**Exercise**
Leave every picture out, and print the full listing again exactly.

**Given material**
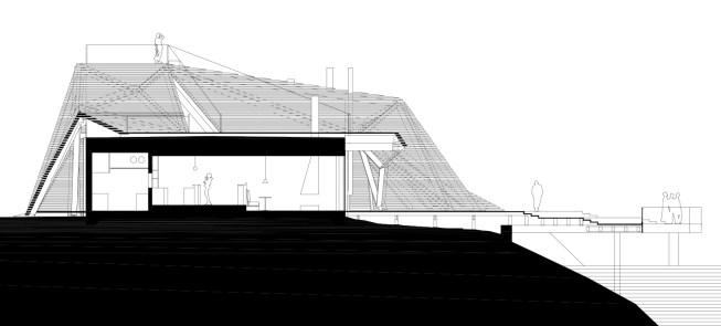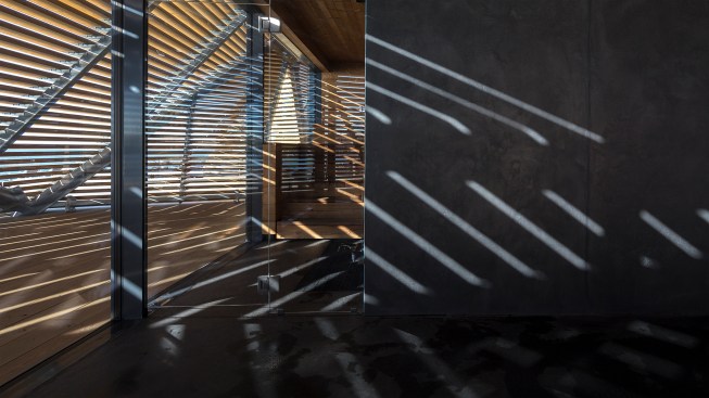 The project—spearheaded by actor Jasper Pääkkönen and entrepreneur and member of Parliament Antero Vartia—had several starts and stops following its initial 2011 proposal, but from the beginning, Hara says it was important to strike a balance between privacy and transparency. Formed by a series of sloping triangular planes created by thousands of wood lamellas, the cloak creates transitional spaces—open yet sheltered from the elements—for the periods before and after trips in to the sauna, and also shades the glazed inner volume. To the south, the façade flattens out to become stairs, which lead to a pair of roof terraces.
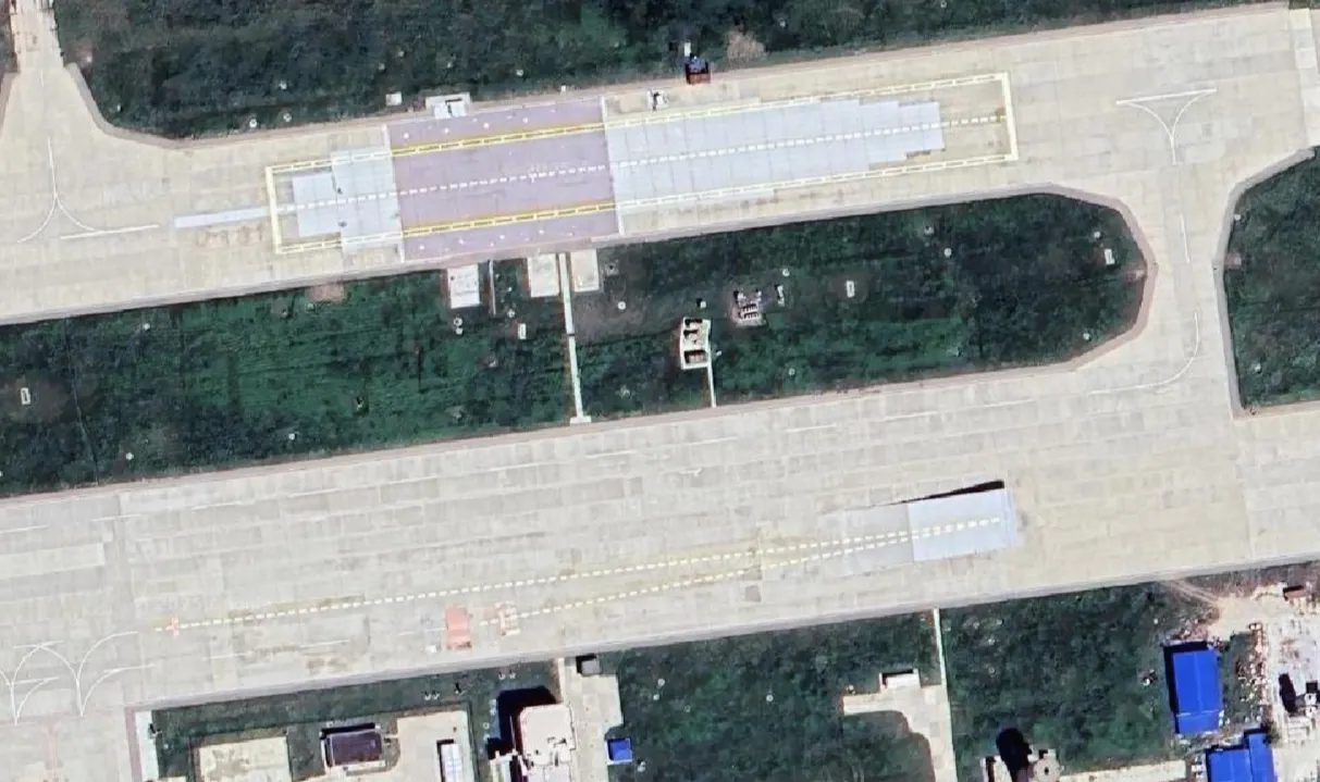 Имитация тормозной полосы авианосца комплекса НИТКА на авиабазе "Саки" / Maxar
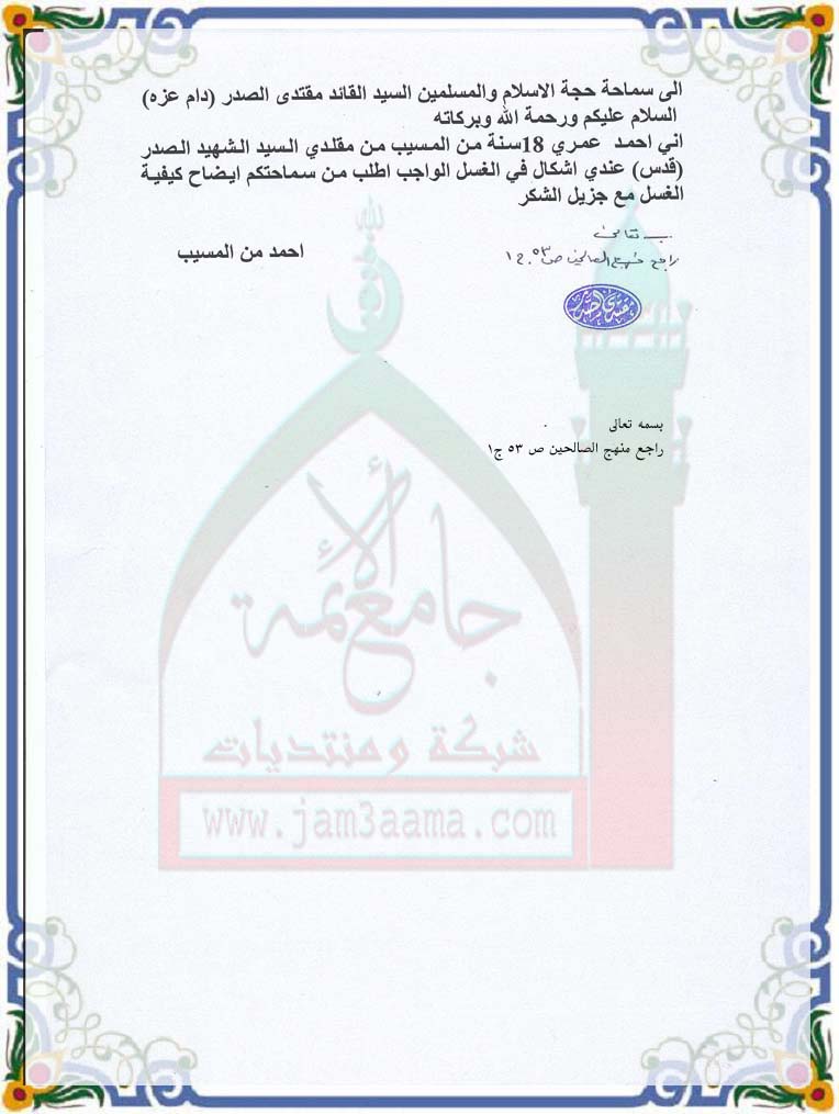 استفتاء للسيد القائد مقتدى الصدر حول كيفية الغسل الواجب بتاريخ 23-11
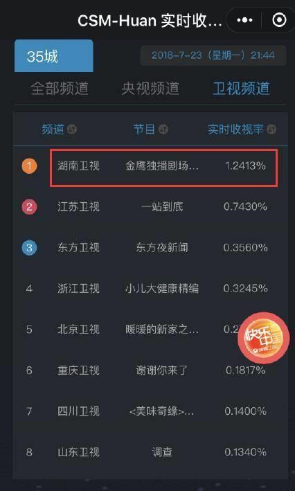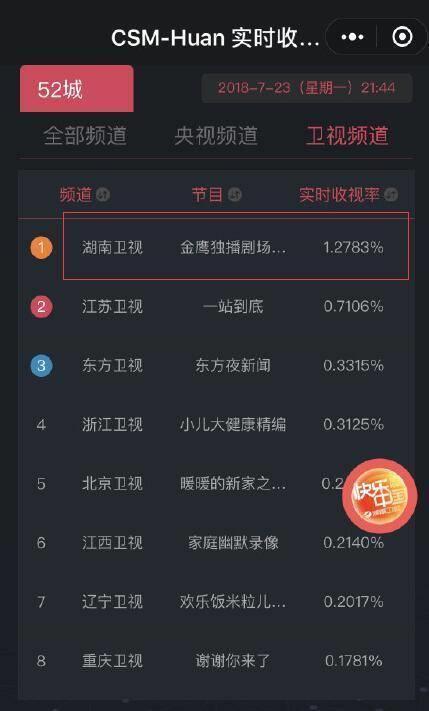csm-huan52城、35城实时收视率峰值1.2+,全国卫视第一!

**Task answer**
 The project—spearheaded by actor Jasper Pääkkönen and entrepreneur and member of Parliament Antero Vartia—had several starts and stops following its initial 2011 proposal, but from the beginning, Hara says it was important to strike a balance between privacy and transparency. Formed by a series of sloping triangular planes created by thousands of wood lamellas, the cloak creates transitional spaces—open yet sheltered from the elements—for the periods before and after trips in to the sauna, and also shades the glazed inner volume. To the south, the façade flattens out to become stairs, which lead to a pair of roof terraces.
 Имитация тормозной полосы авианосца комплекса НИТКА на авиабазе "Саки" / Maxar
 استفتاء للسيد القائد مقتدى الصدر حول كيفية الغسل الواجب بتاريخ 23-11
csm-huan52城、35城实时收视率峰值1.2+,全国卫视第一!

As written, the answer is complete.